How the pipeline works

  1. Prepare 2 FASTQ or FASTQ.gz files corresponding to the two replicates for an iCLIP/irCLIP experiment.

  2. Duplicate removal, quality filter, and trim adapter from the 3' end from the reads

    • Duplicate removal:
      • This step takes advantage of the fact that 5' end of each read has a random barcode.
      • Each initial starting molecule that was RT'd will have a unique barcode.
      • Therefore, PCR duplicates are removed by collapsing molecules with identical 5' barcode sequences.
    • Remove adapter region from the 3' end of the read.
    • The adapter is an optional input parameter.
    • Default is to remove sequences less than N=33 nucleotides.
    • Q33 specifies the quality score encoding format.
  3. After duplicate removal, remove the 5' barcode sequence. Default removes 13 nts.

    • For libraries made with sequences found in the FAST-iCLIP manuscript, remove 13 nts (-f 14)
    • For libraries made with sequences found in the irCLIP manuscript, remove 17 nts (-f 18)
  4. We then map the reads to indexes in the following order:

    • A. exoVirus index
    • B. repeat RNA index
    • C. endoVirus index
    • D. tRNA index
    • E. Human or Mouse non-repetitive genome
    • By default, we only keep reads that are unique and perfectly aligned.
    • We then remove reads that map to blacklist or repeat regions.
  5. After mapping, we isolate the 5' position (RT) stop for both positive and negative strand reads.

    • This represents the cross-link site in the initial experiment.
  6. For each replicate, we analyze the RT stop position and read length using iCLIPro.

    • See Haberman et al 2017 (https://www.ncbi.nlm.nih.gov/pubmed/28093074)
    • iCLIPro analyzes the RT stops vs cDNA length. It has been observed that RBPs and the complexes they bind RNAs in can occupy small or large areas on target RNAs. If RNase digestion is too stringent the identified RT stops via cDNA truncation may be shifted.
  7. For each strand, we merge RT stops between replicates.

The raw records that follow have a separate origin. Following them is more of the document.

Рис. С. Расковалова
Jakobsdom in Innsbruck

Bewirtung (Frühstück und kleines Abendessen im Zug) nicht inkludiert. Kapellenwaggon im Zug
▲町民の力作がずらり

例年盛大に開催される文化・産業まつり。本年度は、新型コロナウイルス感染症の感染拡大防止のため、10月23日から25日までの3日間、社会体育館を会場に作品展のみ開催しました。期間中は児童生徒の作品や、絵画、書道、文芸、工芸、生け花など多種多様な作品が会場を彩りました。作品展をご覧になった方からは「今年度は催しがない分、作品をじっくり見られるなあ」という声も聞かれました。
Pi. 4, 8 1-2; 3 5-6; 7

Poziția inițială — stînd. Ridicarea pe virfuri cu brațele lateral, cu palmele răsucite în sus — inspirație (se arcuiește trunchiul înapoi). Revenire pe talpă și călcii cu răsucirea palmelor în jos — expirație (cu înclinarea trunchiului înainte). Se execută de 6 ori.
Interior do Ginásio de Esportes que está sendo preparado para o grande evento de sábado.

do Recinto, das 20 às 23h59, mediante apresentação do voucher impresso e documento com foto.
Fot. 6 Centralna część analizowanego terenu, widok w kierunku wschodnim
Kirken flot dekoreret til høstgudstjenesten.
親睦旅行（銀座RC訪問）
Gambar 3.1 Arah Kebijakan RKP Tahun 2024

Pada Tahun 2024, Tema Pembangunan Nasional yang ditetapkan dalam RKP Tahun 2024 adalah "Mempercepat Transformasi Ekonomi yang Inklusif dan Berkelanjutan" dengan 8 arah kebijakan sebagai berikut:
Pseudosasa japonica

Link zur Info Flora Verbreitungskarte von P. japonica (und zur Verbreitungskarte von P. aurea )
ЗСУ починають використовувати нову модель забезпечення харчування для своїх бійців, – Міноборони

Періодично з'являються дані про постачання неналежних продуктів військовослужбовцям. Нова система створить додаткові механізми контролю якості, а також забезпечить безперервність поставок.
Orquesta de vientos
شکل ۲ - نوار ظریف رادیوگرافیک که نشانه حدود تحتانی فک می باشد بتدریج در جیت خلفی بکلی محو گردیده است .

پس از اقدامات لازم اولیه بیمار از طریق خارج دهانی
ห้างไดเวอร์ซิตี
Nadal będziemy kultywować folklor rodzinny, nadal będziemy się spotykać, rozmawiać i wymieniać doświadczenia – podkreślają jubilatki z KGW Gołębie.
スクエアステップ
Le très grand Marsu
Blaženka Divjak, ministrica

    • This means that at RT stop position must be 'conserved' between replicates.
    • If conserved, we count the total number of instances of the RT position for both replicates.
    • If the total counts exceed a specified threshold, then we record these RT stops.
    • We then make bedGraph and BigWig files, allowing visualization in genome browsers.
  8. Partition RT stops by gene type.

    • We intersect merged RT stops with Ensembl annotation of gene name by RNA type.
    • Some protein coding and lincRNA genes can have embedded snoRNAs or miRNAs in their introns, making this more challenging.
    • In turn, we re-generate the initial RT stop and intersect this with two different filters.
    • One filter is a snoRNA mask and the other filter is a miR mask: both derived from Ensembl annotations.
    • These masks allow us to remove all "protein coding" RT stops that fall within annotated snoRNA/miR regions.
  9. Quantification of reads per gene.

    • For each gene type, we quantify the number of reads per gene.
    • For all but snoRNAs, this is computed using the bed files obtained above.
    • For snoRNAs, we intersect the initial pool of RT stops with a custom annotation file of snoRNAs built from Ensembl annotations of noncoding RNAs.
    • Collectively, this gives us reads per gene for each gene type.
  10. Partition protein coding reads by functional mRNA elements.

    • We intersect snoRNA/miR filtered reads with Ensembl-derived UTR coordinates.
    • We perform this such output files generated are both "exclusive" and "inclusive".
    • Exclusive = a gene will have RT stops only in the specific element, without any RT stops elsewhere in that gene.
    • Inclusive = a gene will have RT stops in the specific element, but can also have RT stops elsewhere in that gene.
  11. Partition reads by ncRNA binding region.

    • For non-coding RNAs, we simply annotate reads with the start and stop position for each ncRNA.
    • This allows us to determine the position of each RT stop with respect to the full length of the gene.
  12. Partition repeat-mapped RT stops by region.

    • The repeat RNA mapped RT stops are paritioned using the repeat custom index annotation.
    • As with the ncRNAs, this is later used for visualization. Both sense and antisense mapped RT stops are visualized.